Il documento conteneva una lunga premessa riferita alle sostanze perfluoalchiliche (Pfas) che a partire dallo stabilimento Miteni di Trissino hanno inquinato le falde e gli acquedotti delle province di Vicenza, Verona e Padova. Era sorta la preoccupazione per eventuali trattamenti dei Pfas, anche a seguito di un accordo tra Ava e Viacqua per l’essiccamento dei fanghi prodotti negli impianti di depurazione di acque reflue urbane. Nel marzo 2024 il consiglio comunale aveva votato a sostegno della proposta popolare. A quell’epoca il sindaco (al secondo mandato) era Valter Orsi, espressione di liste civiche. Al termine della discussione i partiti storici, Lega, Partito Democratico e Fratelli d’Italia, con un’ inedita convergenza si erano però astenuti.
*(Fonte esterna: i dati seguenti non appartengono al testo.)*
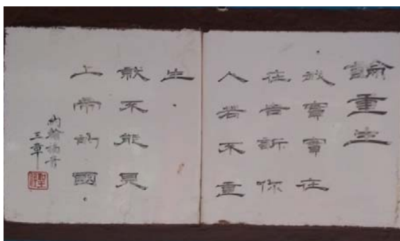
Fig. 23 Bible verses "Very truly I tell you, no one can see the kingdom of God unless they are born again". Clerical-script calligraphy as inscription of tile painting.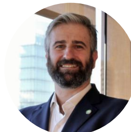
Co-founder & Partner Doctoralia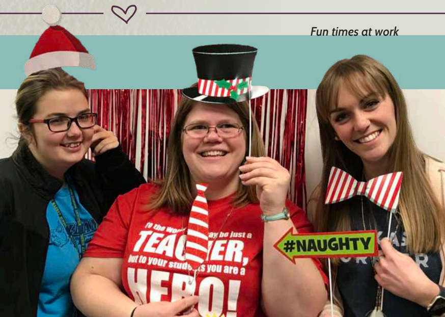
Fun times at work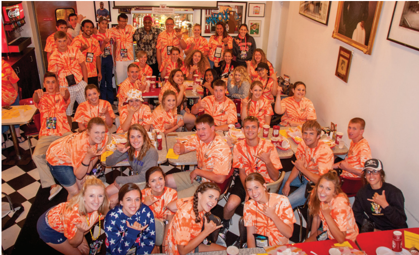
Each year, students from Kansas join more than 1,700 youth in Washington, D.C., to attend the Electric Cooperative Youth Tour. Next year's Youth Tour is scheduled for June 8-15, 2017.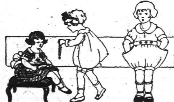
Infants' Section, Fourth Floor—Lipman, Wolfe & Co.

—Of crepe, drill and gingham in many colors and styles. See style pictured. Sizes 2 to 6 at $1.75. —Of crepe, gingham, drill, poplin and devonshire in rose, blue, maize. Sizes 2 to 6. Special at $2.79.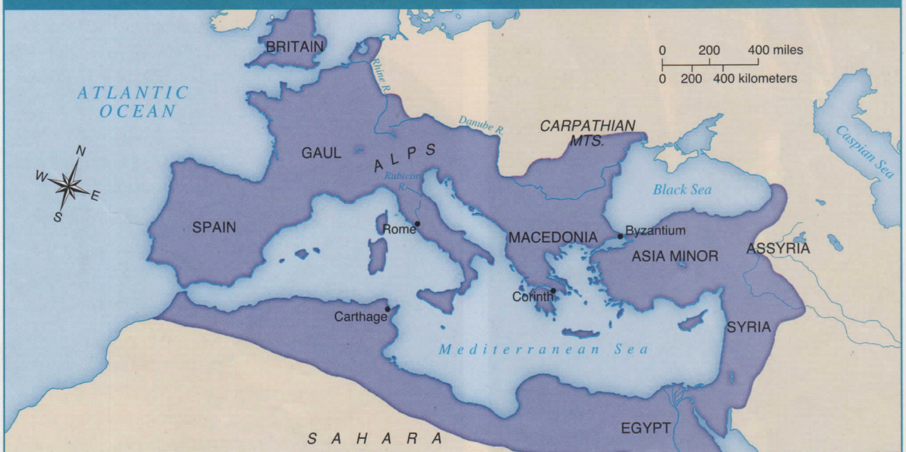
The Roman Empire at Its Height, About 117 C.E.

In western Europe, Rome's fall did not mean the end of Roman civilization. The influence of Rome lived on through the medieval period and all the way to our time. As you read about the legacy of the Romans, think about how ideas and events from the distant past still affect us today.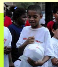
Campers receive their free soccer ball at the sponsored camp held at Springwoods Baptist Church (July 16-20)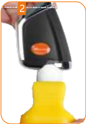
Use the tool into the gap to separate the shell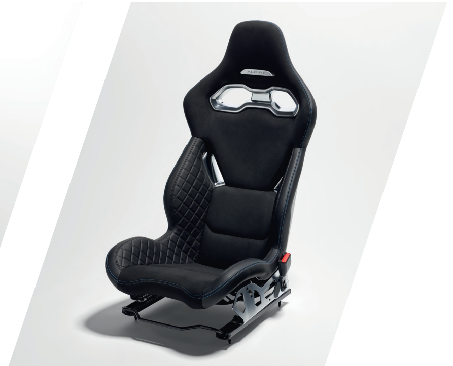
Bucket racing seats lightweight Sabelt design in black leather and microfibre upholstery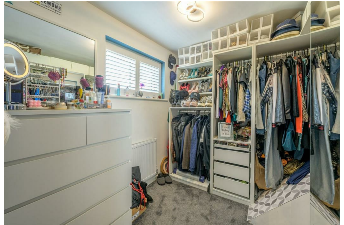
Walk-in Wardrobe / Dressing Room 8'2" x 7'7" (2.51 x 2.33)

With a door leading from the master suite, a double glazed window to the front and a central heating radiator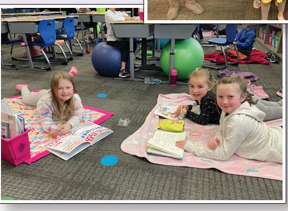
Sunny smiles with friends at Brown!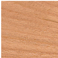
Wild cherry Beeswax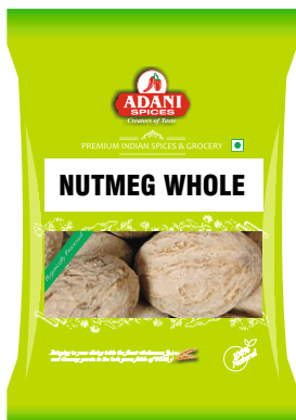
Nutmeg Whole 20 x 100g | 20 x 200g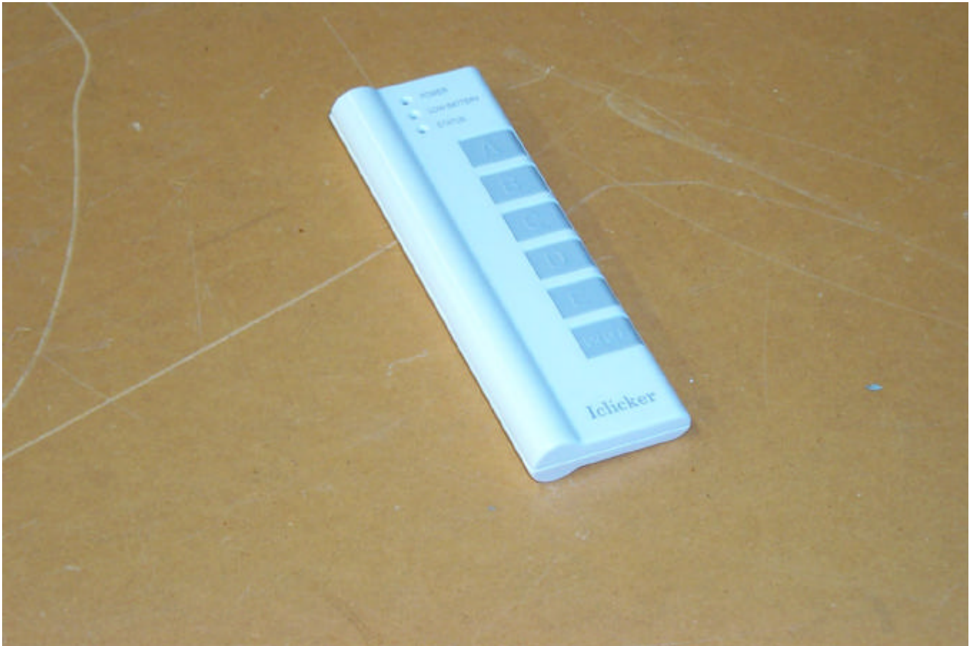
Figure 1 - EUT External View, Front Side

Adesso il sindaco è Cristina Marigo, espressione di liste civiche e l’assessore all’ambiente è rimasto Alessandro Maculan. Sul tema dell’inceneritore la linea del comune non è cambiata ed è contraria ad espansioni industriali. In Veneto, infatti, l’andamento virtuoso della raccolta differenziata sta riducendo sensibilmente il rifiuto secco da smaltire. “Ava vorrebbe poter trattare fino a 119mila tonnellate, ma se verranno raggiunti gli obiettivi indicati dalla regione per il 2030, i rifiuti da smaltire saranno sempre meno” spiega l’assessore. Il paradosso sarebbe quello di creare a Schio una struttura sovradimensionata (non attiva prima del 2032-33) quando gli altri impianti di Padova e Fusina sarebbero sufficienti per il fabbisogno regionale.
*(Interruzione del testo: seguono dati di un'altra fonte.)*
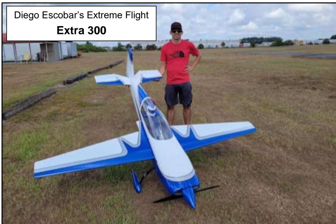
Diego Escobar's Extreme Flight Extra 300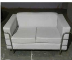
Sofa Chair with arm double Code: SF-02 1700(W)X750(D)X780(H)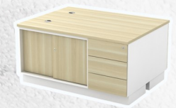
SLIDING DOOR + FIXED PEDESTAL 3D B-YSP1236-2(E) 1200W x 900D x 600H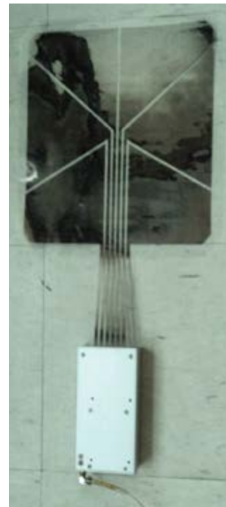
Actual electrostatic gripper (unmounted).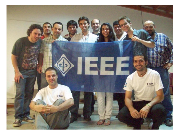
Some students and GOLD members attending the STEP performed in Córdoba, Argentina.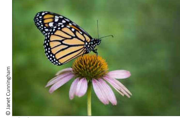
4th Place Beautiful to Look at, but Hard to Catch Janet Cunningham The Shutterbug | November 2021 | 6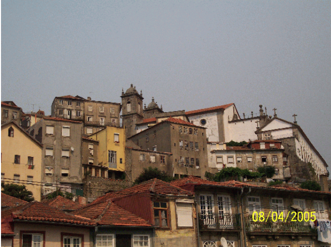
Buildings are stacked one above the other and one next to the other.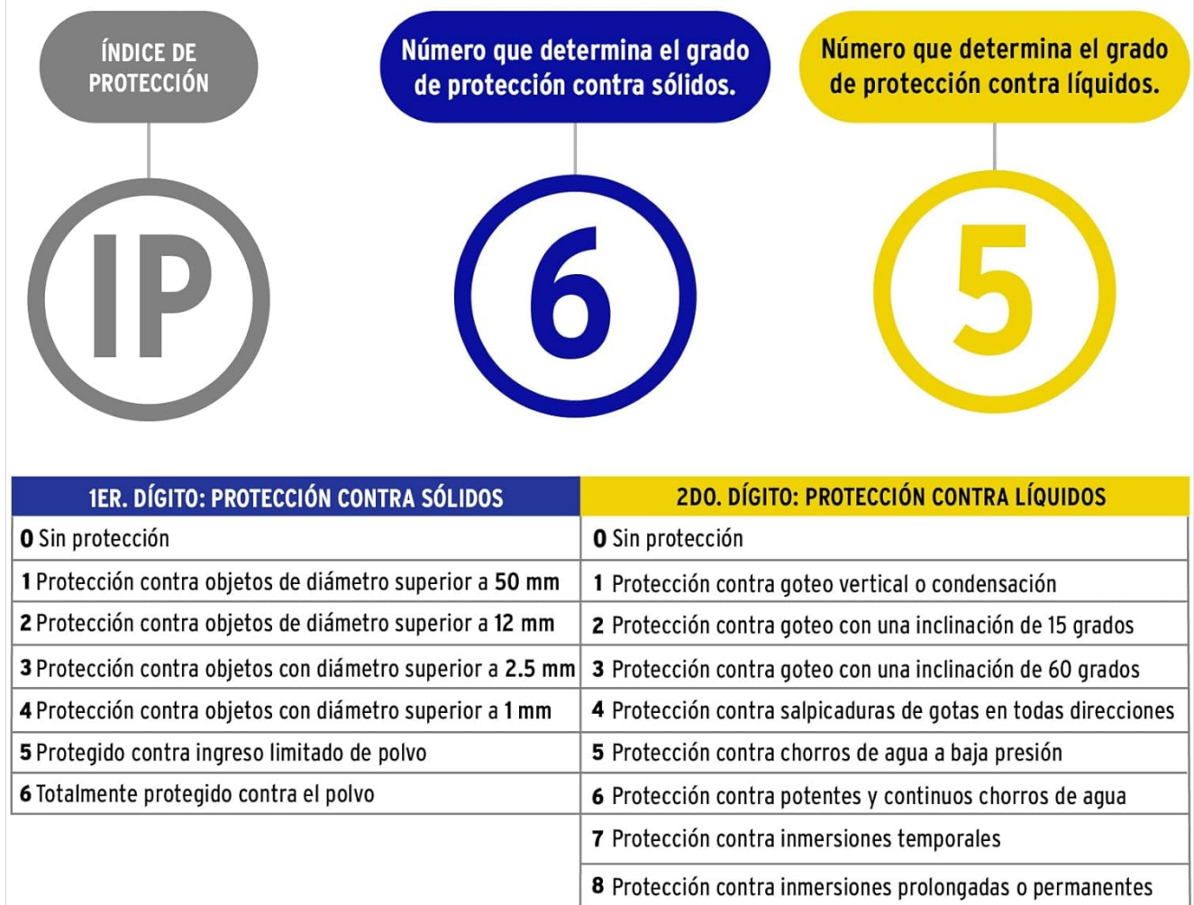
Figure 5.1: Explanation of the IP65 protection rating. The first digit '6' indicates total protection against dust. The second digit '5' indicates protection against low-pressure water jets from any direction.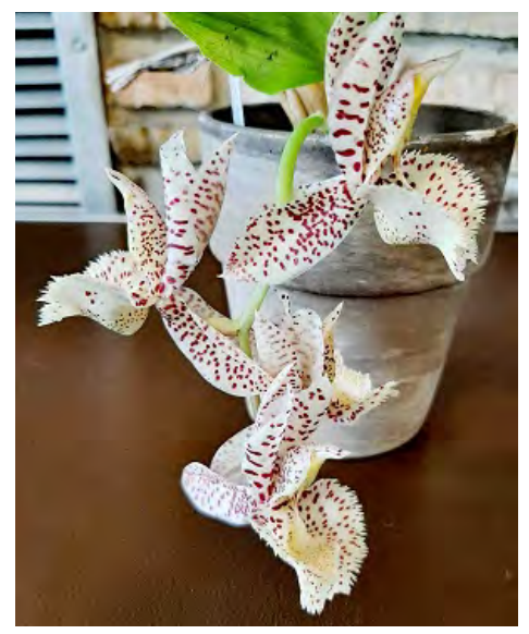
Catasetum Susan Fuchs x Ctsm Dentigrianum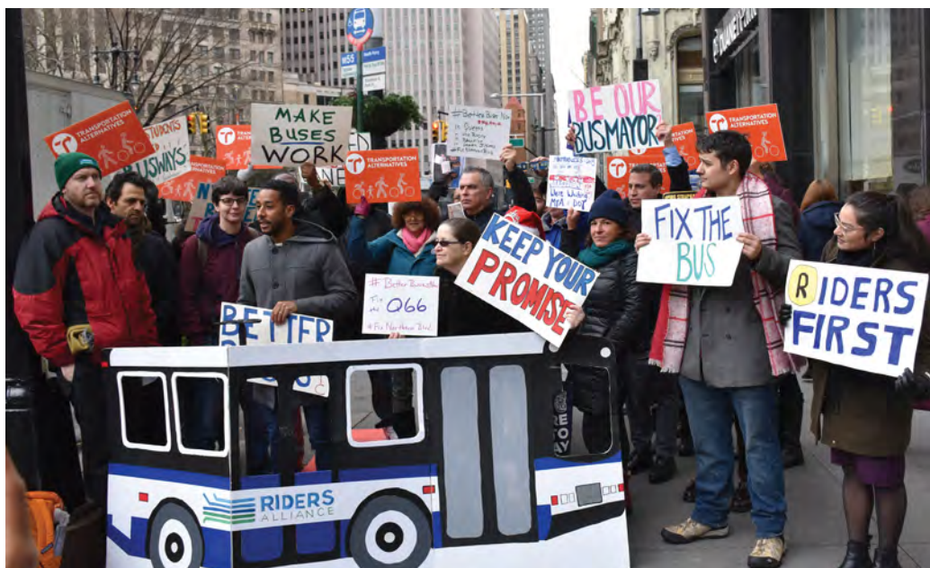
NYLCV JOINS OTHER TRANSIT ADVOCATES IN A CITYWIDE DAY OF ACTION CALLING FOR MORE BUSWAYS

This bill would require all diesel school buses subject to New York City school bus contracts to be retired after they reach 10 years past the manufacturing date and be replaced by either diesel buses that meet the latest EPA standards, Compressed Natural Gas, hybrid, gasoline-powered, or fully electric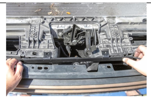
Slide light bar into place as shown.

“ll 78% di quanto oggi viene incenerito nell’impianto di Schio proviene da comuni al di fuori dell’Alto Vicentino, spiega Laura Rossi. “L’inceneritore ampliato avrebbe una potenzialità pari a più del doppio dei rifiuti che nel 2030 dovrebbero essere prodotti dall’intero bacino di Vicenza. Che tipo di rifiuti andremo a bruciare e da dove li prenderemo?”, si chiede.
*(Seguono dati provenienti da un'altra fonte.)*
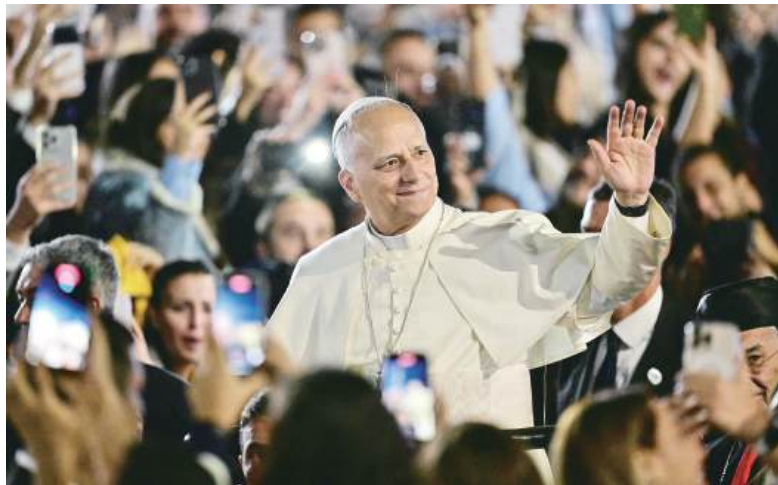
Pope Leo XIV waves to a crowd of young people upon his arrival at the Maronite Patriarchate in Bkerke, north of the capital Beirut, yesterday.

"For the world, we ask for peace. We especially implore it for Lebanon and for the entire Levant," Leo said earlier yesterday from a monastery in Annaya hosting the tomb of Saint Charbel, who enjoys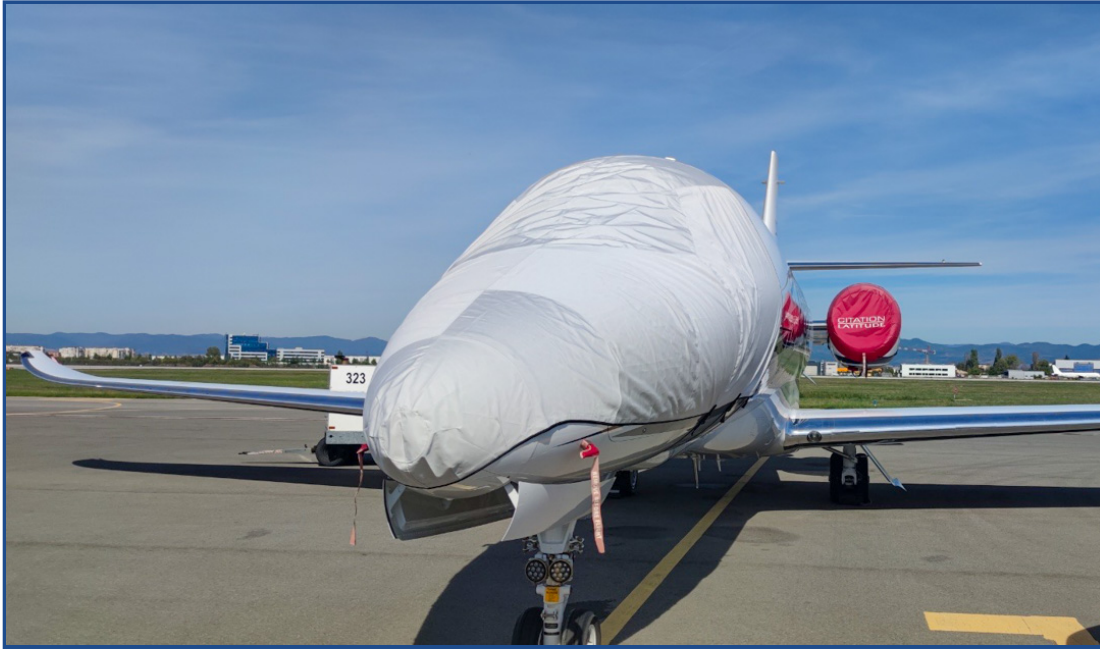
Cessna Citation Latitude (680A) Cockpit/Nose Cover, Doesn't Cover Pitot Tubes

Il clima si sta surriscaldando anche perché il consiglio di amministrazione di Ava, presieduto da Giovanni Cattelan (e completato da Alessia Lazzaretto e Lorenzo Righele) è in scadenza. Eppure dopo una prima assemblea a luglio, rinviata per il completamento delle giunte in numerose amministrazioni comunali appena elette, ha fissato una nuova assemblea al 30 agosto, con all’ordine del giorno la votazione per ampliare l’inceneritore della discordia.